No eran de su sangre, esos cinco… Pero, ¿quién podría decirlo?
A Evaristo se le murió la mujer. No pudo recuperarse del último parto.
Da igual que te preocupes o no, ahí estaban, cinco chiquillos. El mayor, Nico, tenía nueve años. A Iñigo le faltaba poco para los siete. Los gemelos, Santi y Leo, cuatro añitos. Y la pequeña, Elena, la hija tan esperada, con solo tres meses de vida.
No hay tiempo para penas cuando los niños piden de comer. Pero al acostarlos, a medianoche, Evaristo se quedaba en la cocina, fumando
Al principio, Evaristo se las arregló como pudo. Su cuñada vino un tiempo a echarle una mano. No tenían más familia. Ella quiso llevarse a Santi y Leo, alegando que así sería más fácil. Luego vinieron dos de los servicios sociales.
Le propusieron mandar a todos los niños a un orfanato. Evaristo no pensaba entregar a nadie. ¿Cómo iba a dar a sus hijos? ¿Y luego qué? Claro que era difícil, pero ¿qué remedio? Poco a poco irían creciendo, y algún día serían mayores.
A veces hasta revisaba los deberes de los mayores. Con Elena, claro, había más lío. Pero Nico e Iñigo ya le echaban una mano.
La enfermera de cabecera, Nuria, iba a menudo y se preocupaba por ellos. Un día le prometió a Evaristo mandarle una niñera. “Un hombre solo con un bebé es mucho”, le dijo. “Es una chica buena, trabajadora. Ayuda en el hospital”.
No tenía hijos propios, ni estaba casada, pero había criado a sus hermanos, que eran muchos, de un pueblo cercano. Y así llegó Luz a su casa.
Bajita, fuerte, de cara redonda y una coleta anticuada hasta la cintura. Y callada. No hablaba más de la cuenta. Pero todo cambió en la casa de Evaristo. La casa relucía: todo limpio, todo ordenado.
Remendó y lavó la ropa de los niños.
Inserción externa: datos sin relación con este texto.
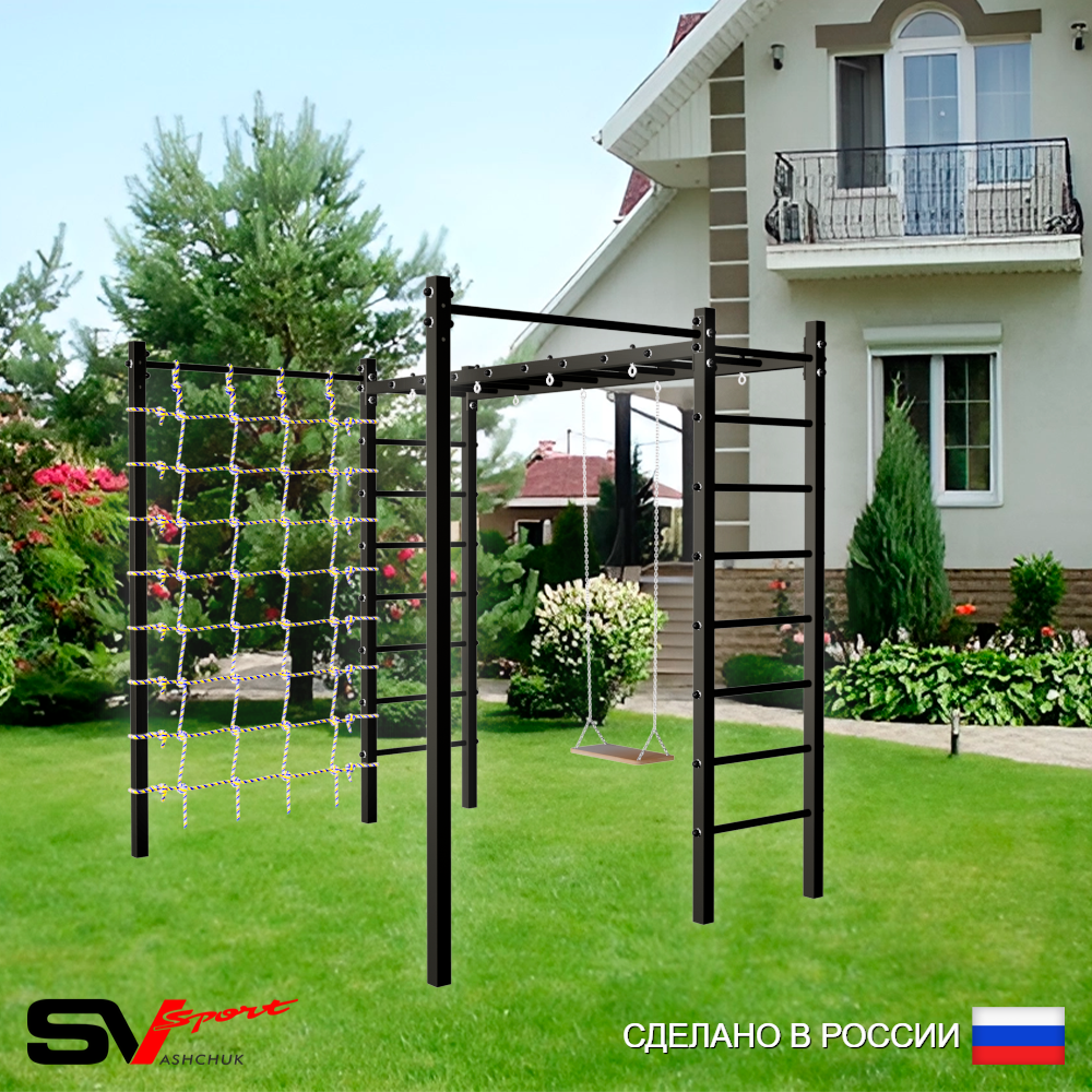 КОМПЛЕКТАЦИЯ: Каркас УШС Sv Sport Рукоход, Турник Sv Sport стандарт к УШС, Качели - гнездо 80см, Щит баскетбольный Sv Sport c кронштейном к УШС Sv Sport, Сетка к спортивному комплексу, Комплект турник прямой 2шт.
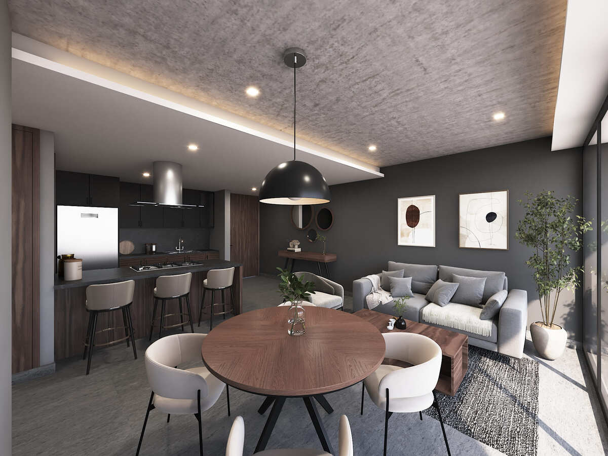 • Distribuciones inteligentes con sala-comedor, cocina integral y área de lavado
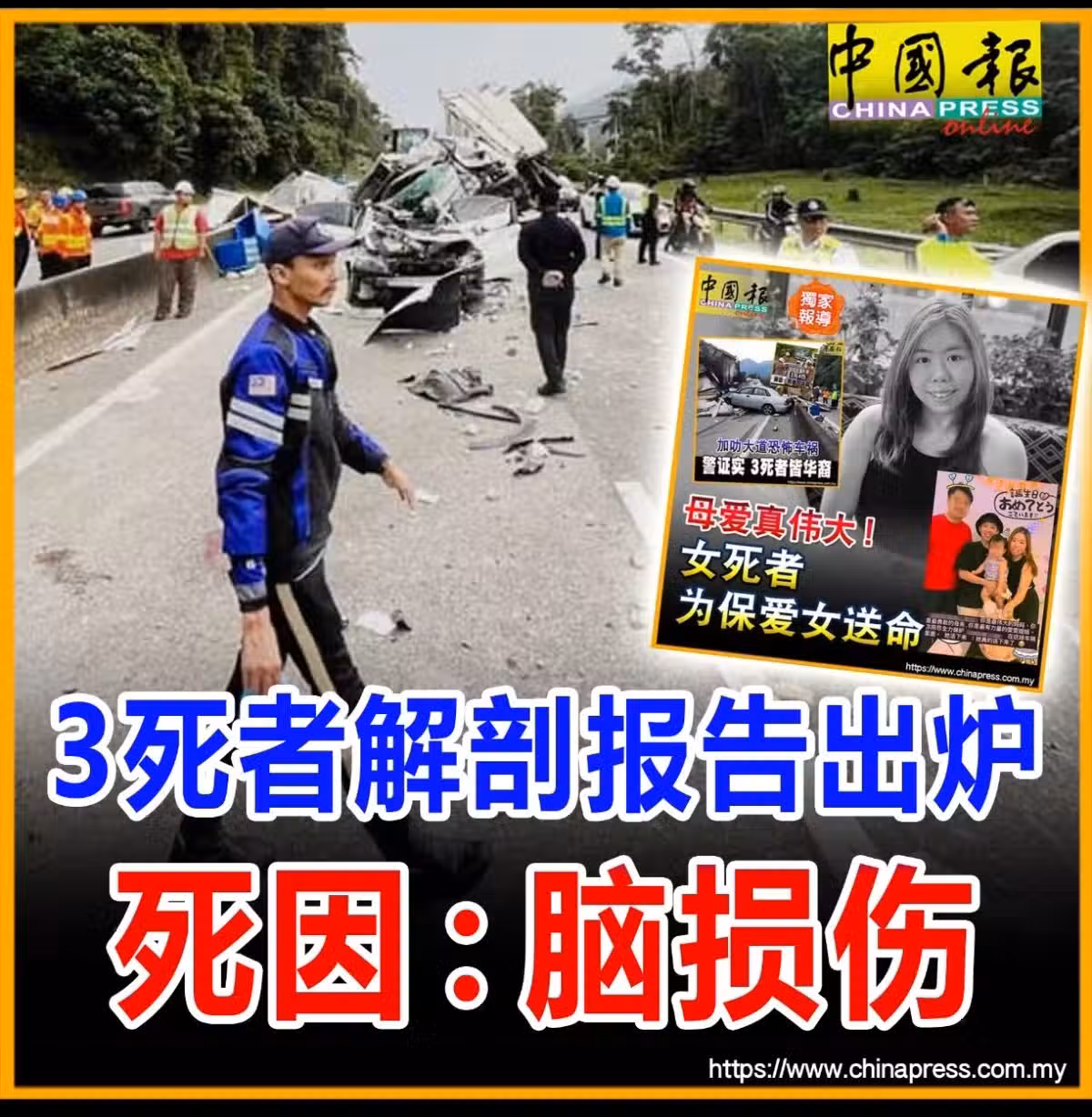 這場奪命車禍發生在加叻-吉隆坡大道50.8公里處,一輛從關丹開往吉隆坡的3噸羅里在行駛過程中失控,越過道路分界堤沖入對面車道,與另外4輛車相撞。
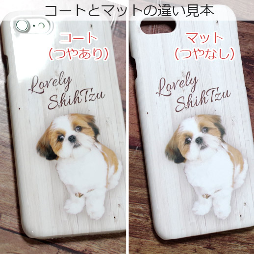 シーズー犬がモチーフとなった木目調デザインのスマートフォン・ハードケースです。
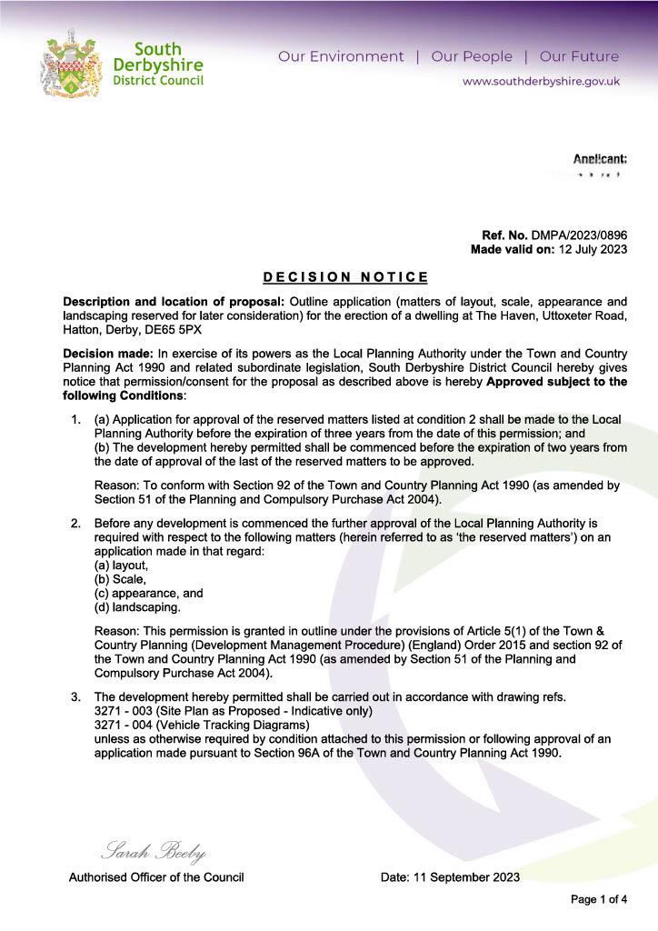 South Derbyshire District Council has granted outline planning permission for a detached dwelling under reference number DMPA/2023/0896. The site is adjacent to The Haven. Prospective buyers will be responsible for demolishing the existing garage, clearing the site, and securing the boundaries.
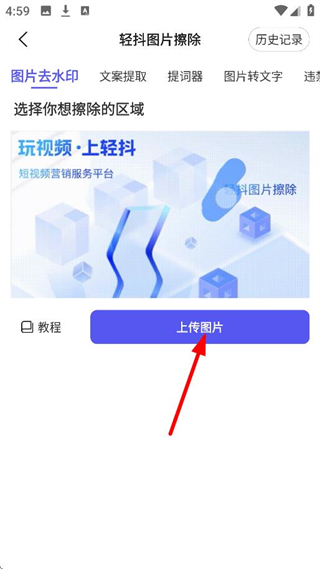 2、在圖片擦除頁(yè)面,點(diǎn)擊上傳圖片,選擇目標(biāo)圖片。
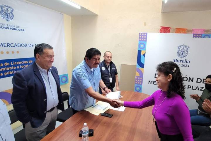 NOTICIAS 26/10/2022Gobierno de Morelia entrega licencias de funcionamiento a locatarios de mercados y plazas municipalesLa administración municipal que encabeza el alcalde, Alfonso Martínez Alcázar, en su compromiso de apoyar el comercio local, realizó está mañana la entrega de licencias de funcionamiento actualizadas para los locatarios de los mercados y plazas municipales.

Cuidó de Elena, cocinó, friegó. En el colegio y la guardería notaron la diferencia. Los niños iban limpios, bien vestidos, sin botones cosidos con hilo negro sobre tela blanca ni codos rotos.
Una vez, Elena se puso mala, con fiebre. La médico dijo que se recuperaría, pero hacía falta atención. Y Luz se quedó despierta todas las noches, sin acostarse ni una vez. La sacó adelante. Y sin que nadie se diera cuenta, se quedó en casa de Evaristo
Los pequeños empezaron a llamarla “mamá”, hambrientos de cariño. Y Luz no les escatimaba afecto. Los elogiaba, les acariciaba la cabeza, los abrazaba. Al fin y al cabo, eran niños
Los mayores, Nico e Iñigo, al principio se hacían los remolones, no la llamaban de ninguna manera. Luego optaron por “Luz”. Ni niñera ni madre, solo Luz. Para recordar que su verdadera madre seguía en su memoria Además, por edad, apenas le llevaba unos años.
Los parientes de Luz no estaban contentos.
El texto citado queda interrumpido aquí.